Idea is to ETL the serialized models on a schedule basis from one
application to another. War/Jar approach is another way of doing, but it
needs shipping jars + the metadata around them by ETL.


We use Oracle DB for this & it is getting a bit messy uploading these via
SQLLoader to DB. Am looking for simpler options :)

Thanks


On Sun, Mar 31, 2013 at 6:41 PM, Suneel Marthi <su...@yahoo.com>wrote:

> Why would you want to do that?  Isn't it easier to just package the model
> into your application war/jar and read the same a s ResourceStream as
> opposed to what you are proposing?
>
>
>
> ________________________________
>  From: Arun Avanathan <ar...@gmail.com>
> To: dev@mahout.apache.org
> Sent: Sunday, March 31, 2013 8:04 PM
> Subject: ModelSerializer.writeToJson()
>
> All,
>
> I'm new to Mahout.
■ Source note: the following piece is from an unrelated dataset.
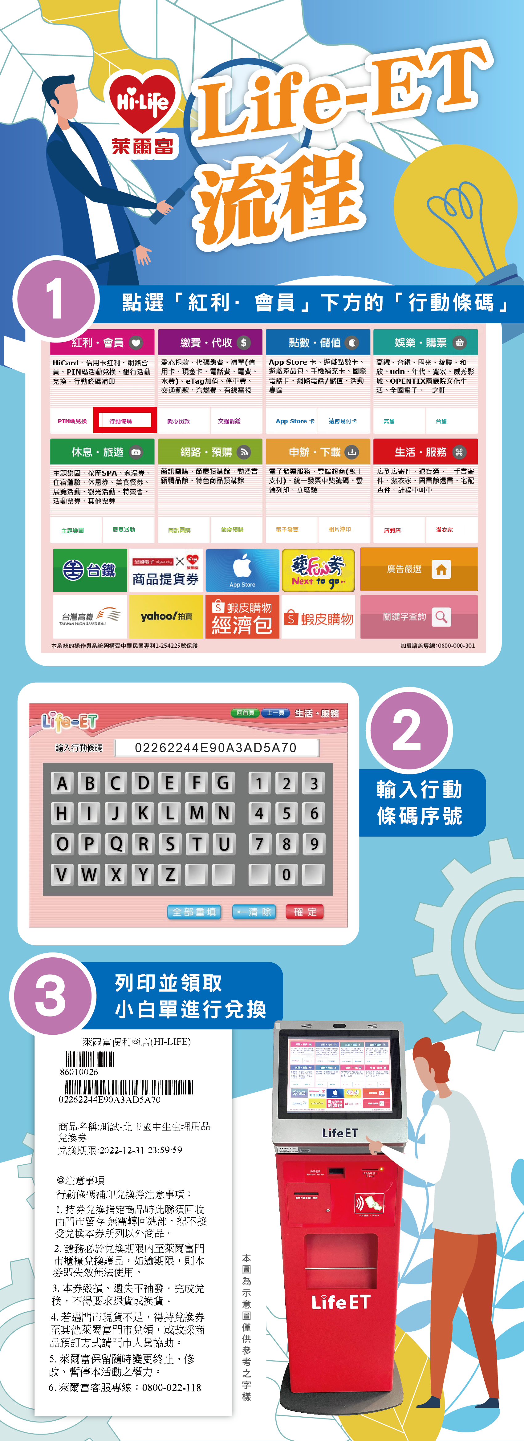 二、112年度1月兌換券效期至112年3月6日止,2月兌換券可兌換至4月6日止,請於期限內踴躍兌換。

So please bear with my dumb question.
>
> In 0.4 we had writeToJson() method, but I don't see it in 0.7 version. Is
> there a way to serialize Models in json format? Idea is to store them in
> Database & rebuild the models when the application server comes up.
>
> Thanks
> Arun
>

Re: ModelSerializer.writeToJson()

Posted by Suneel Marthi <su...@yahoo.com>.
Why would you want to do that?  Isn't it easier to just package the model into your application war/jar and read the same a s ResourceStream as opposed to what you are proposing?
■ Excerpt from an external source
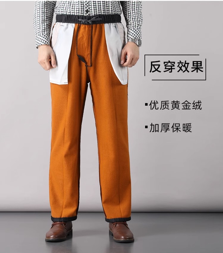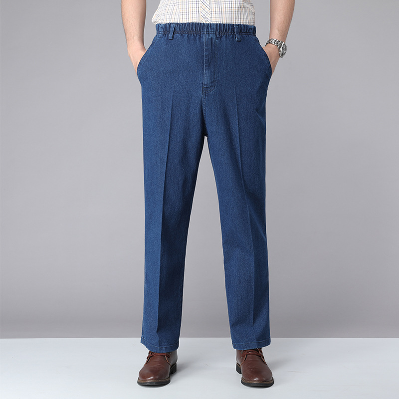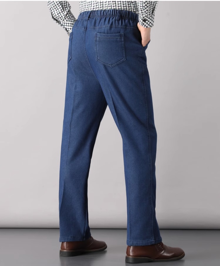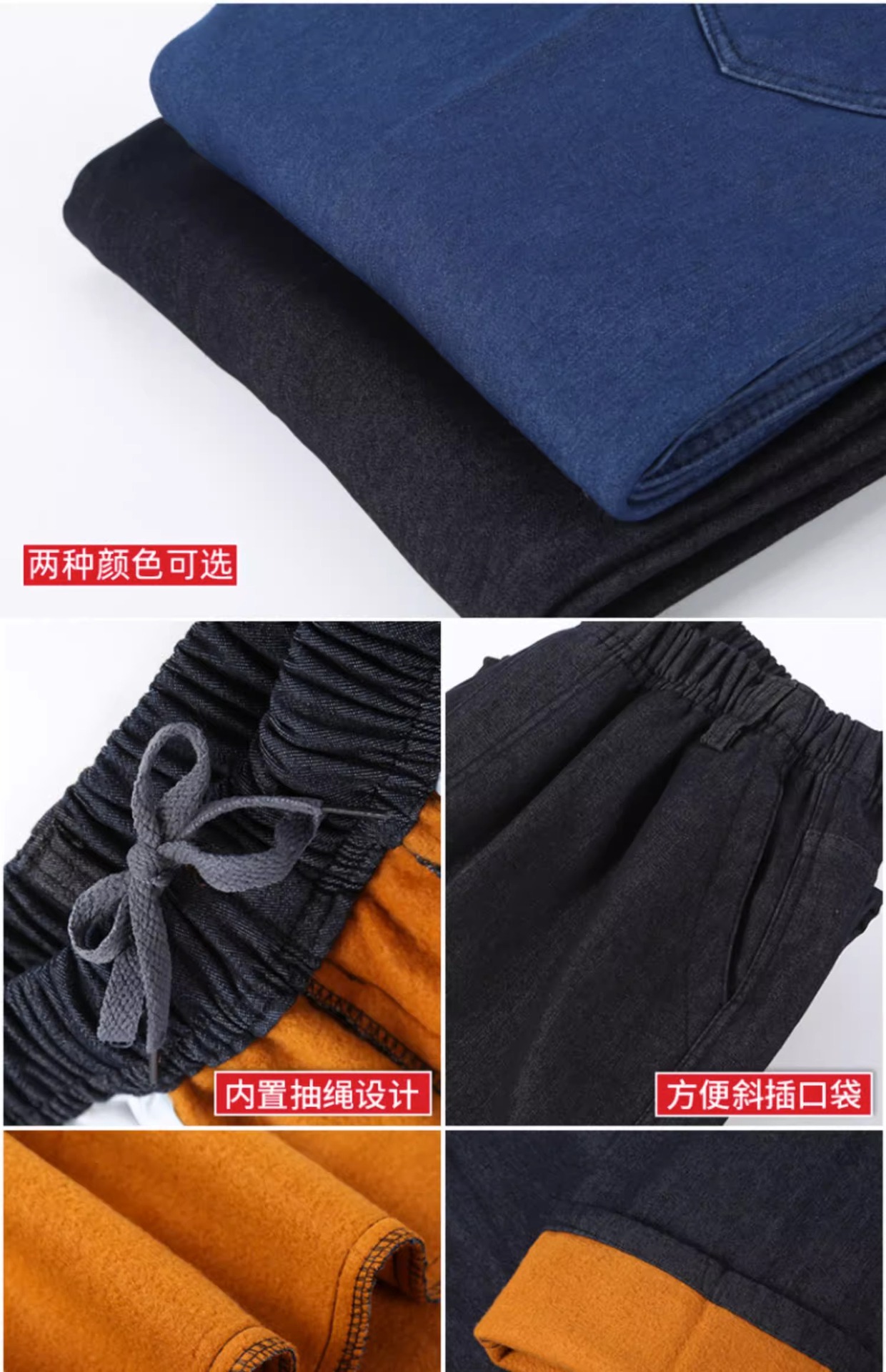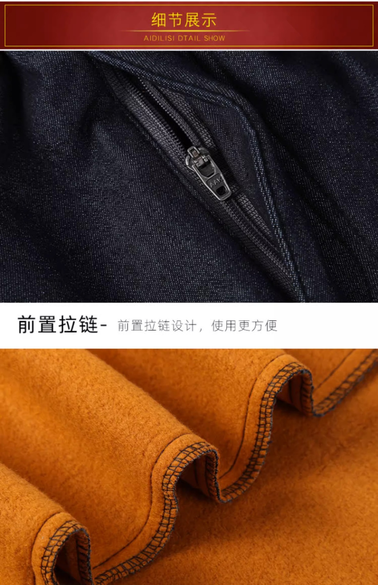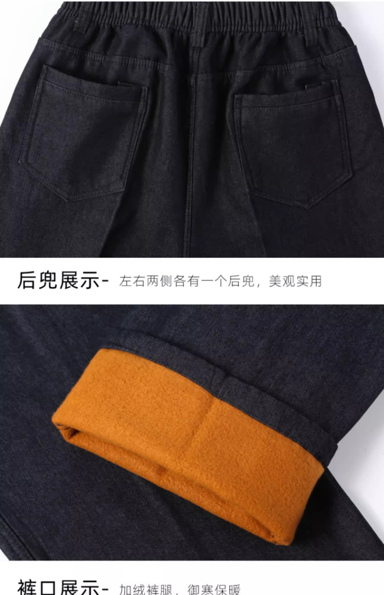 청바지 남자의 가을과 겨울 남자의 긴 바지 중년 기모 두꺼운 중년 및 노인 남자의 스트레이트 느슨한 아빠의 바지스토어 가기

________________________________
 From: Arun Avanathan <ar...@gmail.com>
To: dev@mahout.apache.org 
Sent: Sunday, March 31, 2013 8:04 PM
Subject: ModelSerializer.writeToJson()
 
All,

I'm new to Mahout. So please bear with my dumb question.

In 0.4 we had writeToJson() method, but I don't see it in 0.7 version. Is
there a way to serialize Models in json format? Idea is to store them in
Database & rebuild the models when the application server comes up.

Thanks
Arun